THE PROBLEM. Please return only the lines from the one holding "LOUD战队宣布Cauanz" through the one holding "В составе —", exactly as they appear in the records below, both ends included.

DATA PROVIDED.

"""

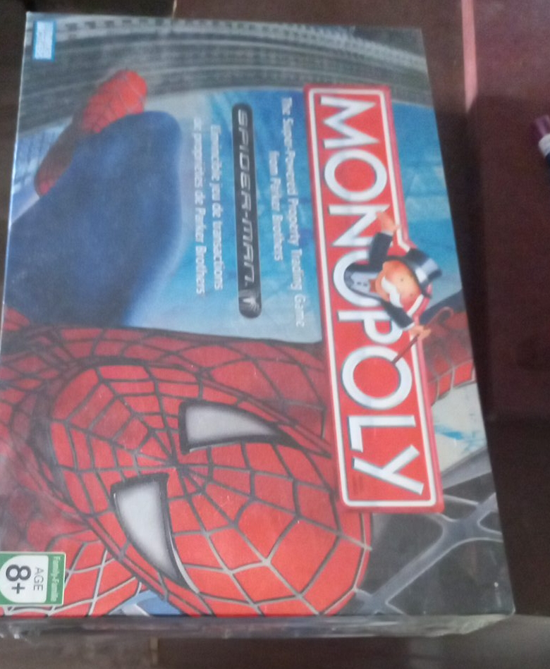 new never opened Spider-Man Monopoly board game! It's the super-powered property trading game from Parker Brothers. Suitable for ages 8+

"""
"""

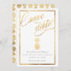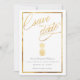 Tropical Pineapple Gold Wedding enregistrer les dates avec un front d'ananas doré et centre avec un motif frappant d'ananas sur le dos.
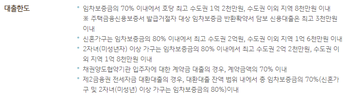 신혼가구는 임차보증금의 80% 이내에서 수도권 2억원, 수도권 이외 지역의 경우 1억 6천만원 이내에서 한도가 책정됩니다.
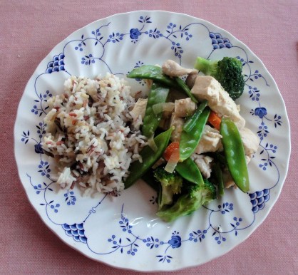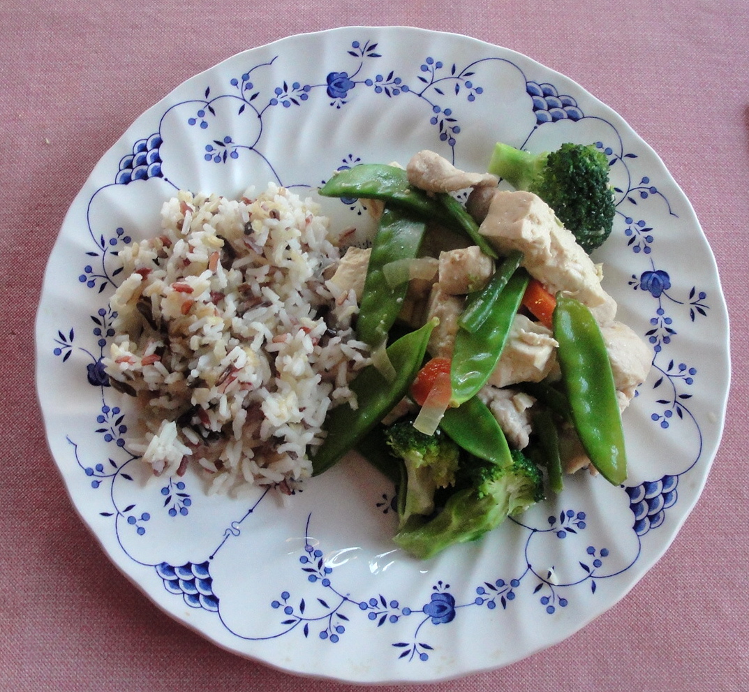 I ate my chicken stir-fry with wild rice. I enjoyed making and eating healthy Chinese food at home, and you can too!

"""
"""

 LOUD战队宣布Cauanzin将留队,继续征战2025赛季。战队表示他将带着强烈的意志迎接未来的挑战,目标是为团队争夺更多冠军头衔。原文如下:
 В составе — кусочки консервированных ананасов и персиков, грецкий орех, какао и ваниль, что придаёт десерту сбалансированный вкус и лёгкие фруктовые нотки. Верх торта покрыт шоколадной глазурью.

"""

WORKED SOLUTION.
 LOUD战队宣布Cauanzin将留队,继续征战2025赛季。战队表示他将带着强烈的意志迎接未来的挑战,目标是为团队争夺更多冠军头衔。原文如下:
 В составе — кусочки консервированных ананасов и персиков, грецкий орех, какао и ваниль, что придаёт десерту сбалансированный вкус и лёгкие фруктовые нотки. Верх торта покрыт шоколадной глазурью.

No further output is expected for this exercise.